The Search for Peace
There was never any real expectation of a major breakthrough when most of the province's political establishment camped out on the White House lawn as part of the St Patrick's Day celebrations, but it had been hoped the more rarefied climes of the United States might have helped nudge the process forward.

Events at home however, appear to have removed what little room for manoeuvre there was.

IRA decommissioning unlikely

The murder of prominent Catholic lawyer Rosemary Nelson not only plunged her family into despair, it also had the effect of making it even more difficult for the IRA to countenance any form of decommissioning.

Loyalists were now killing nationalists again and republicans consider themselves to be defenders of their own community.
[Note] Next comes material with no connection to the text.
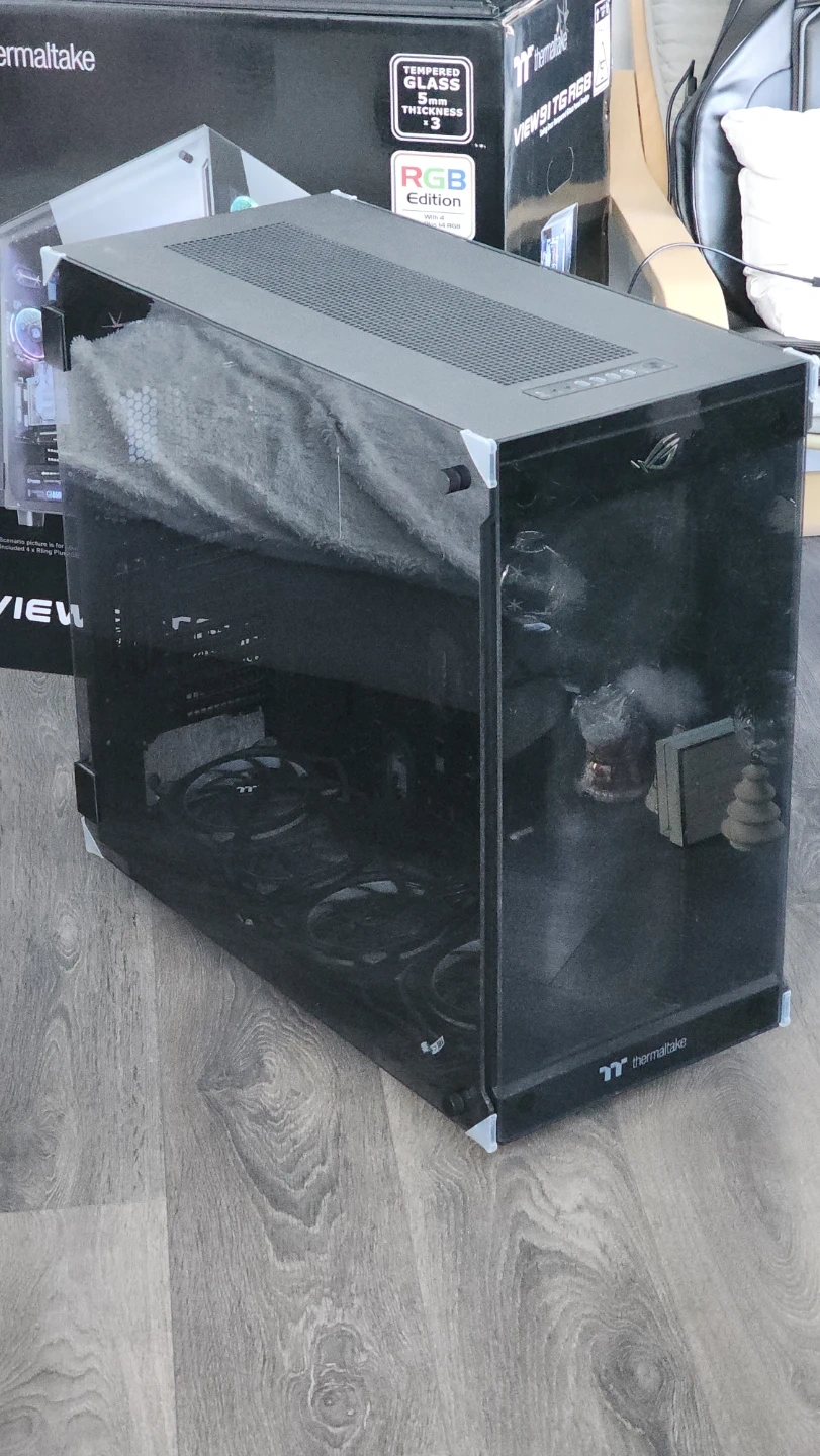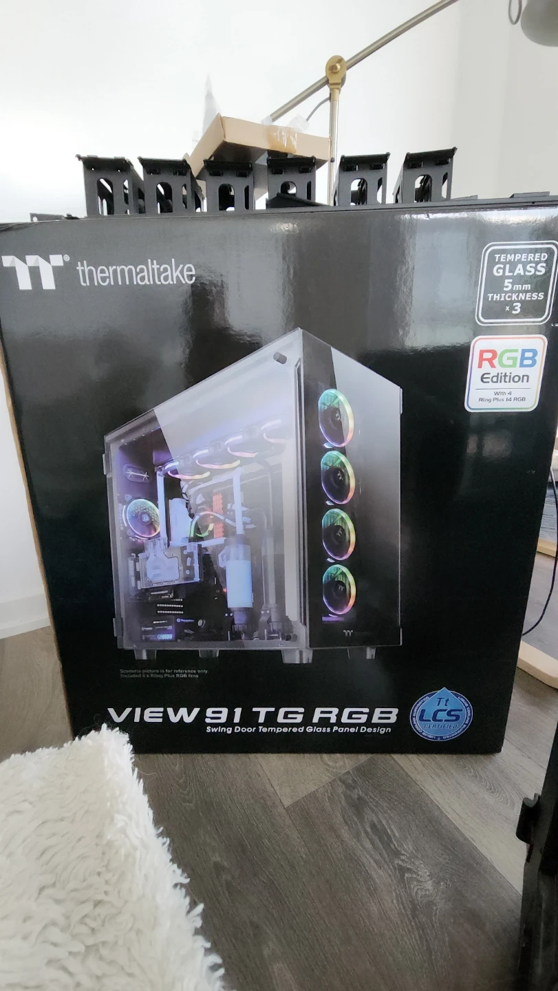 This is a Thermaltake VIEW 91 TG RGB Super Tower computer case. I originally got it for $500, selling it more than half off. I'm switching to all white setup that's why selling my old gaming work pc, otherwise this functions perfectly. It is a massive case for hardcore gaming enthusiasts that lets you build in whatever fashion you like, aircooled or liquid cooled, it can fit ABSOLUTELY ANYTHING in it given the super tower size. It features double swing doors tempered glass panel design. Supports up to 4 x 140mm fans and has multiple I/O ports, including USB 3.0 and Type-C.

If it emerges elements of loyalist paramilitary groups currently on ceasefire were involved in the Rosemary Nelson murder, that will harden the IRA line on a weapons handover.

At the heart of the current impasse are the mutually exclusive positions of Ulster Unionist leader David Trimble and Sinn Fein president Gerry Adams.

Mr Trimble is insistent the IRA must begin to dispose of its weapons before Sinn Fein can take ministerial seats in a new Northern Ireland government. He argues his party would dump him if he relented.

New deadline

But Mr Adams says the demand for arms is a precondition, is not in the Good Friday Agreement, and he simply cannot deliver the IRA on this issue.

He argues the IRA would split if his hand is forced. The British and Irish governments, backed by the Clinton administration, are deeply worried the whole peace process could unravel over the arms question and are exasperated by the amount of megaphone diplomacy between the two sides.

There is a compromise position being floated which might be called "simultaneous blinking", where the IRA agrees to a starting date for decommissioning and Mr Trimble allows Sinn Fein to take their ministerial positions in the Northern Ireland Assembly in the interim, but so far neither side is ready to blink unless the other blinks first.

A deadline of Good Friday (just like last year) has been set for a resolution of the impasse and the devolution of powers to the new Assembly, but at this stage there are no signs the deadline will be met.

The British and Irish prime ministers are poised for another diet of eat, sleep, negotiate in Belfast but the real focus is on David Trimble and Gerry Adams.

Unionist support faltering

They hold the key to the future, a key they must both turn at the same time if this is all to work.

If there is no deal by Good Friday, Northern Ireland faces an uncertain summer. The Good Friday Agreement will have to be "parked" for a review which might not properly get underway until September, after the marching season which has the capacity to destabilise everything.

Even before the parades get into full swing there is the European election campaign which is already starting.

The DUP leader Ian Paisley is promising to turn it into another referendum like that which ratified the Good Friday Agreement last May.

A recent poll for BBC Northern Ireland's Hearts and Minds programme suggests a clear majority of Unionists would now vote against the Agreement if given the chance.

Everyone in the pro-agreement camp is desperate to find a deal which will avert a long, hot and potentially dangerous summer. But at the heart of this current dispute over decommissioning is lack of trust.

Unionists say they want a weapons handover as proof the war is over. Republicans say even if they did move, another precondition would be swiftly erected as unionists simply don't want to share power with them.